School enrollment bill gutted to remove proof of custody




A bill that could have made it harder for children to enroll in school was gutted in the House of Representatives and sent to the Senate Feb. 25. 

House Bill 2367, sponsored by Rep. Tim Dunn, R-Yuma, would have required proof of legal custody to enroll children in school. Groups like the American Civil Liberties Union of Arizona and the Arizona Grandparent Ambassadors opposed it.

But an amendment from the House Education Committee scrapped the provision requiring legal proof of custody. Instead, the bill now seeks to require the State Board of Education, instead of the Department of Education, to establish guidelines for documentation accepted to show residency in Arizona. 

Arizona school districts are required to keep documents of its students’ identity, age and proof that they live within the district’s boundaries.
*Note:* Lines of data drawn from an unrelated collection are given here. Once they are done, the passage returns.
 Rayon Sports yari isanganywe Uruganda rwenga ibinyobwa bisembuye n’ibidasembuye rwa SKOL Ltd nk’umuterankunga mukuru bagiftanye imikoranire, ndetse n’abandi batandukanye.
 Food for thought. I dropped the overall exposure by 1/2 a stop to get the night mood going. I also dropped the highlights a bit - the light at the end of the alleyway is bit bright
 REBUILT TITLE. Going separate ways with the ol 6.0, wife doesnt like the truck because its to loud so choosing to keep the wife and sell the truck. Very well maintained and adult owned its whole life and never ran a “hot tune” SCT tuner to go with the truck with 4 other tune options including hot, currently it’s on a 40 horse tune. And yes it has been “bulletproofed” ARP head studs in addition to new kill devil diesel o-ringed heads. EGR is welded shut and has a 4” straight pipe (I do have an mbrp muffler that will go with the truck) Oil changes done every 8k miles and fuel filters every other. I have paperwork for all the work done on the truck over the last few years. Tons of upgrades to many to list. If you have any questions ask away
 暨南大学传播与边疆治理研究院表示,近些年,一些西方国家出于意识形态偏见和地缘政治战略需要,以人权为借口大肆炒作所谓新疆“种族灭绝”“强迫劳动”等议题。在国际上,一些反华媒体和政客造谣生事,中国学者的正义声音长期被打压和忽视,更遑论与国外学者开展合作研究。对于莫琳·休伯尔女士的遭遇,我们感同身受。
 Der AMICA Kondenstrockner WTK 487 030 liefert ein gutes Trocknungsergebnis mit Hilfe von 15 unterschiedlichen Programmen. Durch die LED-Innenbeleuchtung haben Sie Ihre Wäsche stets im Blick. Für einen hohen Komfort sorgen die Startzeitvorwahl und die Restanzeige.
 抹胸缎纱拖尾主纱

“The goal of the bill is transparency and consistent policy,” Dunn said. 

In January, Dunn told Arizona Mirror that HB2367 would address an issue in the Yuma Union High School District in which students say they live within the district when they don’t.

Gina Thompson, superintendent of YUHSD, told the Mirror in January that the bill’s requirement of proof of legal custody for enrollment would help her district streamline enrollment and document-gathering process and protect the safety of students. 

At a House Education Committee hearing on Feb. 17, Dunn brought up a case from the Ajo Unified School District where ADE fined the district $1.5 million for not having proper proof of residency documentation for over 100 students.  

Rep. Michelle Udall, a Mesa Republican and chair of the Education Committee, added there’s fear among districts that this will happen to them.

“There are other districts that are worried that this will happen because there is not a consistent state policy, it does change from time to time without necessarily notice that it is going to change,” Udall. said. 

But that case is from early 2011. 

Ajo Superintendent Robert F. Dooley told the Mirror on Feb. 25 that he believes the audit was a political ploy from then-Attorney General Tom Horne, who had just left his years-long post as Superintendent of Public Instruction but was already hoping to run for governor.  

Dooley said the district ended up paying $600,000 in penalties. He doesn’t see a problem with the current residency documentation guidelines set by the education department.

“I think the current (ADE guidelines) should suffice if school districts are understanding and trained how to use them,” Dooley said. 

The Department of Education opposes HB2367. Callie Kozlak, Associate Superintendent for Policy & Government Relations for ADE, said that transferring the authority to set residency guidelines to the State Board of Education could create confusion.

“I think to put it open to a public rules process might cause some confusion because at the end of the day it all needs to come back to the state and federal law,” she told lawmakers on Feb. 17.